◆ **Input data**:

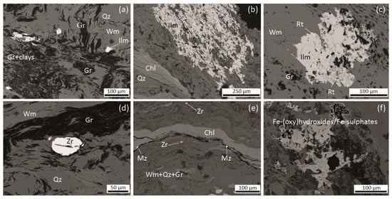 SEM-BSE photograms: (a) fine-grained graphite. Graphite is finely intergrown with clays (left-hand side). Accessory ilmenite (DM1875); (b) weathered ilmenite crystal. Chlorite + quartz vein on the left-hand side (DM1886); (c) Rutile relics as inclusions in Ilmenite (DM1874); (d) Detrital zircon (DM1875); and (e) accessory detrital zircons. Late chlorite vein parallel to Sm. Monazite seems to concentrate at the vein border (DM1893); (f) Fe-(oxy)hydroxides/sulfates in crusts. The phases developed for pyrite oxidation at the core of the crusts. In the figure, the pyrite is oxidized (DM1892). Chl = chlorite; Gr = graphite; Grt = garnet; Ilm = ilmenite; Mz = monazite; Qz = quartz; Rt = rutile; Wm = white mica; Zr =zircon [85].
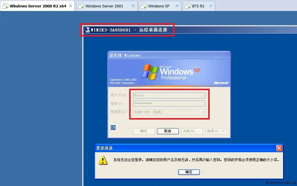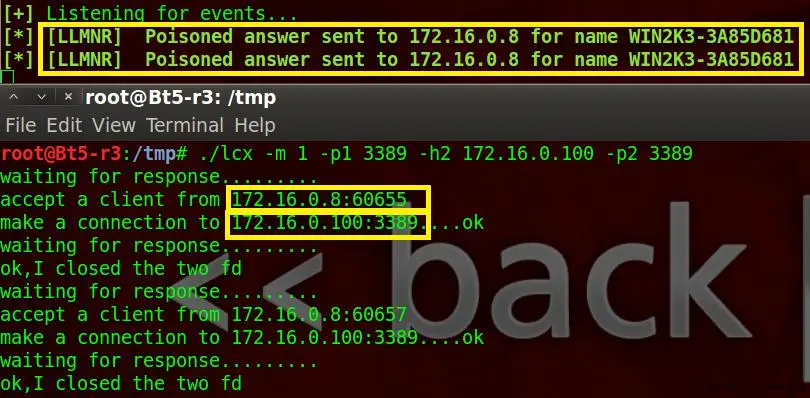 管理员的主机(Win2k8)连接内网服务器(Win2k3)进行常规维护,攻击者(BT5-R3)利用 LLMNR Poison 攻击劫持了 3389 连接会话,为了更加明显的演示出攻击效果,我将 3389 连接会话重定向到一台 XP 中。
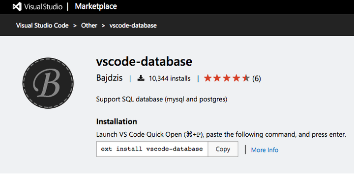 Keisuke KatoVS Code databaseSupport SQL database (mysql and postgres)marketplace.visualstudio.com でさらに詳しく

◆ **Work item**: Repeat the data above in full and exactly. Omit every image.

◆ **Answer to this problem**:
 SEM-BSE photograms: (a) fine-grained graphite. Graphite is finely intergrown with clays (left-hand side). Accessory ilmenite (DM1875); (b) weathered ilmenite crystal. Chlorite + quartz vein on the left-hand side (DM1886); (c) Rutile relics as inclusions in Ilmenite (DM1874); (d) Detrital zircon (DM1875); and (e) accessory detrital zircons. Late chlorite vein parallel to Sm. Monazite seems to concentrate at the vein border (DM1893); (f) Fe-(oxy)hydroxides/sulfates in crusts. The phases developed for pyrite oxidation at the core of the crusts. In the figure, the pyrite is oxidized (DM1892). Chl = chlorite; Gr = graphite; Grt = garnet; Ilm = ilmenite; Mz = monazite; Qz = quartz; Rt = rutile; Wm = white mica; Zr =zircon [85].
 管理员的主机(Win2k8)连接内网服务器(Win2k3)进行常规维护,攻击者(BT5-R3)利用 LLMNR Poison 攻击劫持了 3389 连接会话,为了更加明显的演示出攻击效果,我将 3389 连接会话重定向到一台 XP 中。
 Keisuke KatoVS Code databaseSupport SQL database (mysql and postgres)marketplace.visualstudio.com でさらに詳しく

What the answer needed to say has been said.